Together with similar views expressed by other sources, such as US regulators, the findings of this latest inquiry will contribute to the pressure on the European Commission’s Directorate General Health and Consumer Policy (DG Sanco) as it weighs up the pros and cons of stricter regulation and oversight. This is already tricky enough in an era where the importance of rapid access to innovative devices for individual patients, and for society at large, is well-recognised.


Specific devices

The investigators cite particular products as having failed patients, in the EU and the US, including devices manufactured by DePuy, Medtronic and Advanced Bionics. And medtech companies are also attacked for withholding information during the inquiry on the grounds that it was “vital confidential information”.

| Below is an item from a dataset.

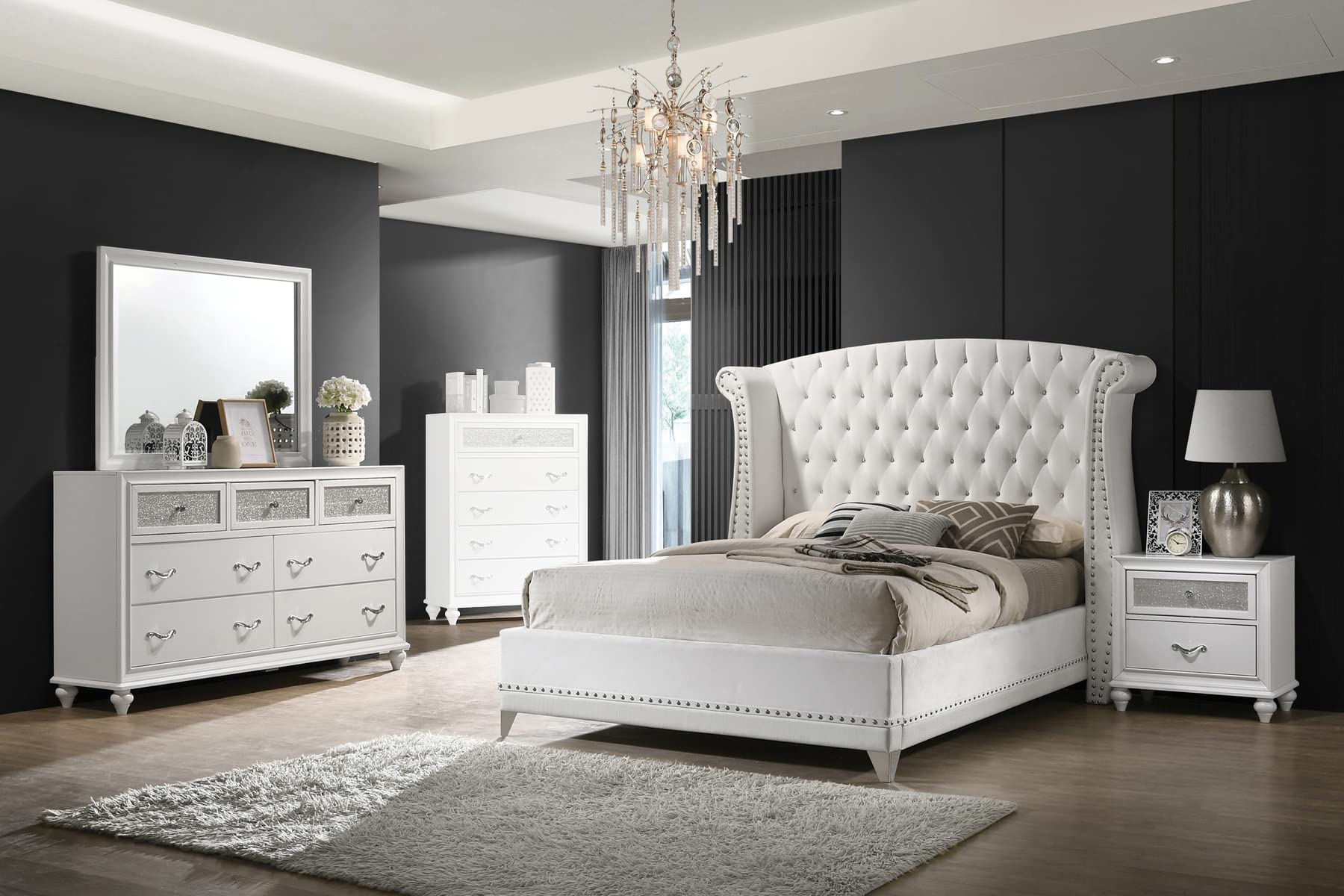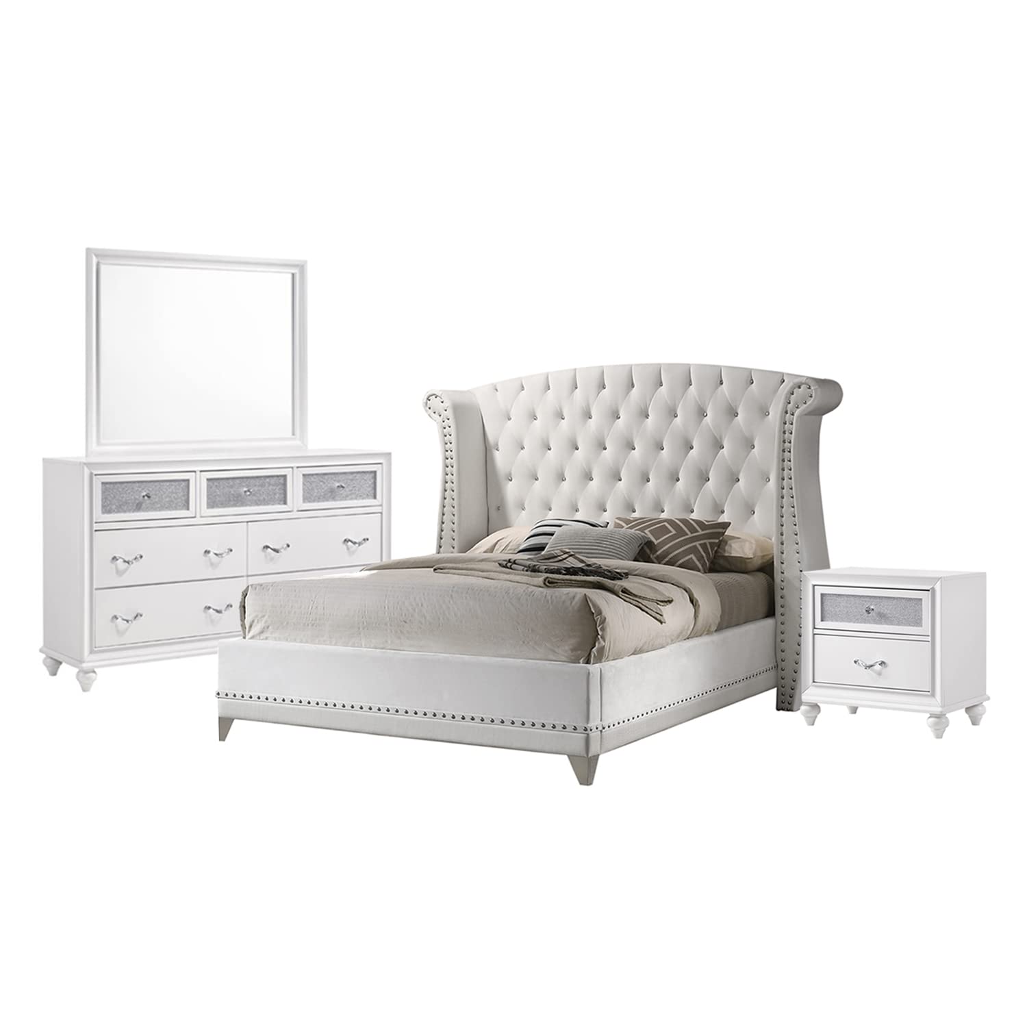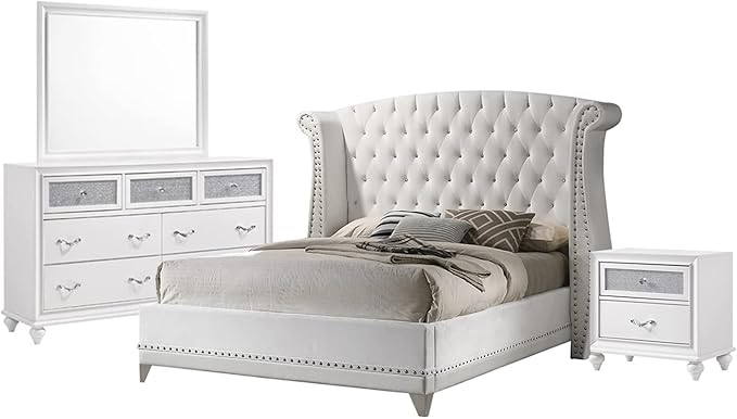 4 Piece PU Eastern King Bedroom Set, Chrome, White

The investigators stress that the approval process for devices is far less stringent than that for drugs, “particularly in Europe”, and Professor Nick Freemantle of the University of Birmingham is seen asking why devices should be subject to “an inferior regulatory model”.

They question the device industry’s hold over surgeons, asking why more premarket clinical studies are not conducted to pick up device problems earlier.

The programme is expected to focus on emotive issues, without balancing the argument by highlighting benefits of advances in technology, mentioning the pressure from patients for faster access to innovative products, or explaining that benefits can often only be obtained along with concomitant risks.

Nevertheless, the investigation raises questions that the devices sector will find itself hard pressed to answer, particularly when it comes to the lack of transparency over medical devices.

The investigators say there is “a worrying lack of public information about the number of devices being used and their potential risks” and that even Freedom of Information requests made to the UK’s Medicines and Healthcare products Regulatory Agency for data on adverse events were refused as “overridden by medical device legislation”.

Publication and broadcasting of the results of the BMJ/ Channel 4 Dispatches inquiry coincides with the European Society of Cardiology’s decision to issue an official call for Europe to set up a “single, co-ordinated European system to oversee the evaluation and approval of medical devices”. In a statement released this morning, the ESC calls for notified bodies to be managed within the context of an integrated structure, with regulatory authorities directing applications for devices to appropriate specialist notified bodies. The society highlights the failure of the EU clinical data requirements to cover adequate clinical outcomes.